Mein Problem liegt jedoch am Anfang. Wenn ich den Schalter S1 betätige fährt Zylinder 1 aus und spannt das Werkstück und B1= True.

Jetzt ist das Problem, dass wenn ich sage if B1 = True then Y3...
fährt er ja nicht wieder ein, weil B1 ja die ganze Zeit True ist. Und der Zylinder 2 muss wieder einfahren, weil er sonst mit dem Zylinder 3 kollidiert.

Wie lasse ich den 2ten Zylinder ausfahren ? Ich kann mich doch nicht auf den Zylinder beziehen, der die ganze Zeit nur eine Position hat oder ? 

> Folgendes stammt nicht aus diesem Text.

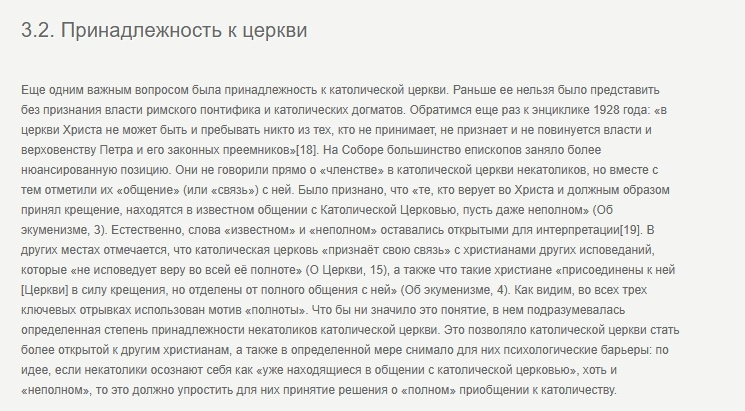 Все, что говорит и делает католический мейнстрим как минимум с 20 века прекрасно укладывается в учение II ВС. И на Библию, и на всю историю христианства с ним все ложится гораздо органичнее, чем без него. Просто понаблюдав за католиками, многие положения католического учения можно тупо предугадать, как если бы это был объективный закон природы. Это надо быть очень избирательным и предвзятым, чтобы годами такого не замечать.
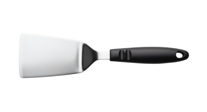 Isolated stainless steel spatula with black handle lies centered on a bright white background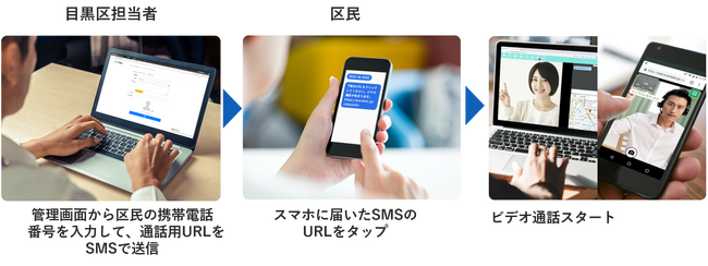 という簡単なステップになります。区民側でアプリのインストールやアカウント作成を行う必要がなく、SMSが届き次第すぐにビデオ通話を始められます。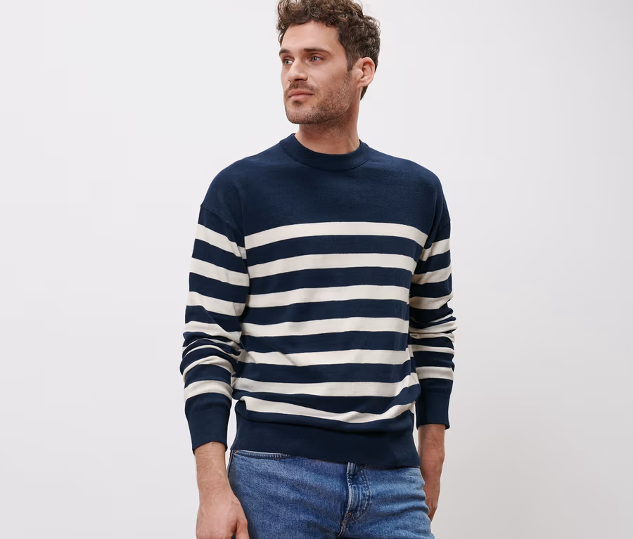Pásiky v kombinácii námorníckej modrej a sivobielej

kann das jemand nachvollziehen und mir helfen ?


----------



## zotos (27 März 2010)

Üblicherweise programmiert man solche sequentiellen Abläufe als Schrittkette. Habt ihr das im Unterricht schon behandelt?


----------



## HuetteHH (27 März 2010)

nein, leider noch nicht. Wir programmieren momentan in FBS mit Multiprog.


----------



## zotos (27 März 2010)

Wie bereits erwähnt, nimmt man für einen solchen Ablauf üblicherweise  eine Schrittkette.

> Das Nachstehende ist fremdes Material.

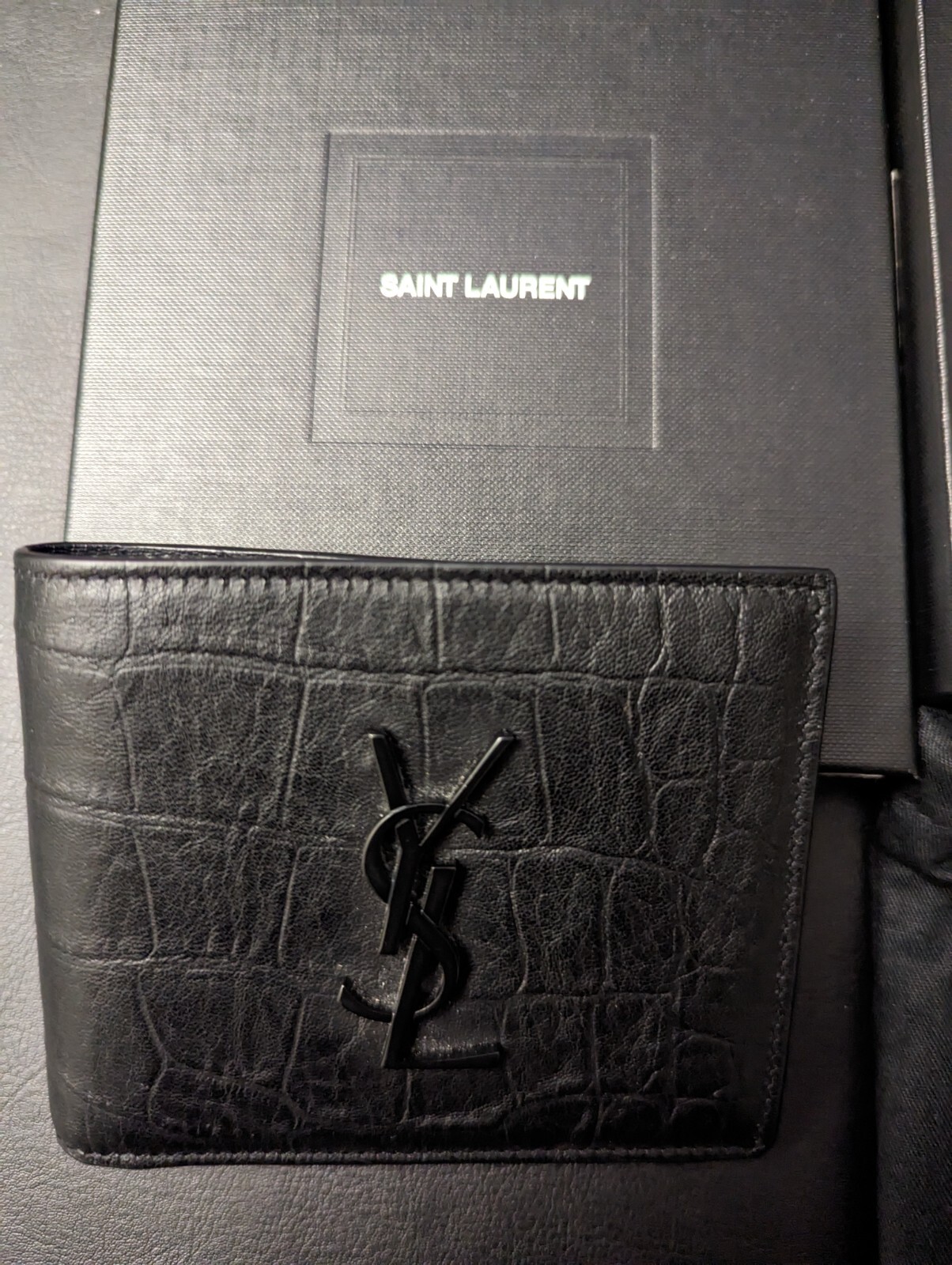 Geldbörse yves saint laurent Clearance, YSL Yves Saint Laurent Wallet Black Croc-Embossed Genuine Leather Mens Bifold Clearance

Man zerlegt den Ablauf in einzelne Schritte: 


Spannen
 Ersten Biegezylinder in Arbeitsstellung
 Ersten Biegezylinder in Grundstellung
 Zweiten Biegezylinder in Arbeitsstellung
 Zweiten Biegezylinder in Grundstellung
 Spannzylinder öffnen
 
In Abhängigkeit von den Schritten werden die Ventile und damit die  Zylinder angesteuert.

Schritt 1 -> Y1
Schritt 2 -> Y1 und Y3
Schritt 3 -> Y1 und Y4
Schritt 4 -> Y1 und Y5
 Schritt 5 -> Y1 und Y6
Schritt 6 -> Y2

Die Schritte kann man mittels SR (Setze und Rücksetze) Glied  realisieren. Um von einem zum anderen Schritt zugelangen gibt es  sogenannte Transitionen (Weiterschaltbedingungen).

Um von Schritt1 in Schritt 2 zu gelangen muss Schritt1 aktiv sein und  die Weiterschaltbedingung erfüllt sein. Wenn Schritt2 gesetzt wird setzt  dieser den Vorgängerschritt (in dem Fall Schritt1) zurück.

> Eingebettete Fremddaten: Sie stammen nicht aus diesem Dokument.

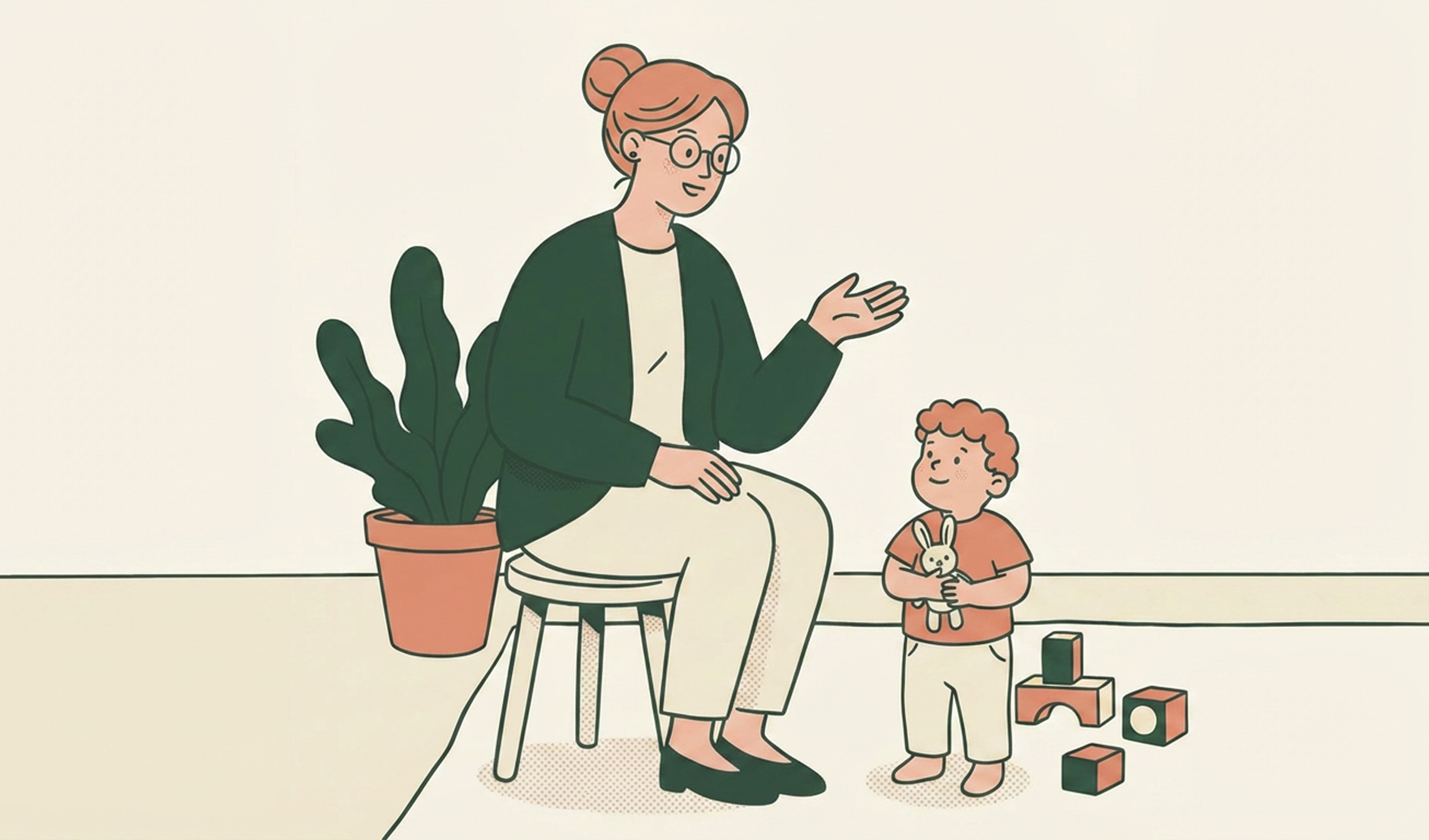 Illustration of a parent kneeling on the floor with a magnifying glass, exploring alongside a curious toddler

Nun kannst Du ja mal die Suche bemühen und Dich ins Thema Schrittketten  einlesen. Wenn Du Fragen hast frag ganz einfach und es wird Dir sicher  jemand helfen.


----------



## HuetteHH (27 März 2010)

Ich habe bereits angefangen, mich in die programmierung von Schrittketten einzulesen. Jedoch weiss ich nich nicht, wie ich das mit dem Programm handle bzw. ich nicht weiss, wie man schritte einbindet...


----------



## maweri (27 März 2010)

'n abend,

wie zotos schon erwähnte, nimmt man in der Praxis für gewöhnlich Schrittketten.
Man kann so kleine Aufgaben aber auch ohne Schrittkette hinkriegen.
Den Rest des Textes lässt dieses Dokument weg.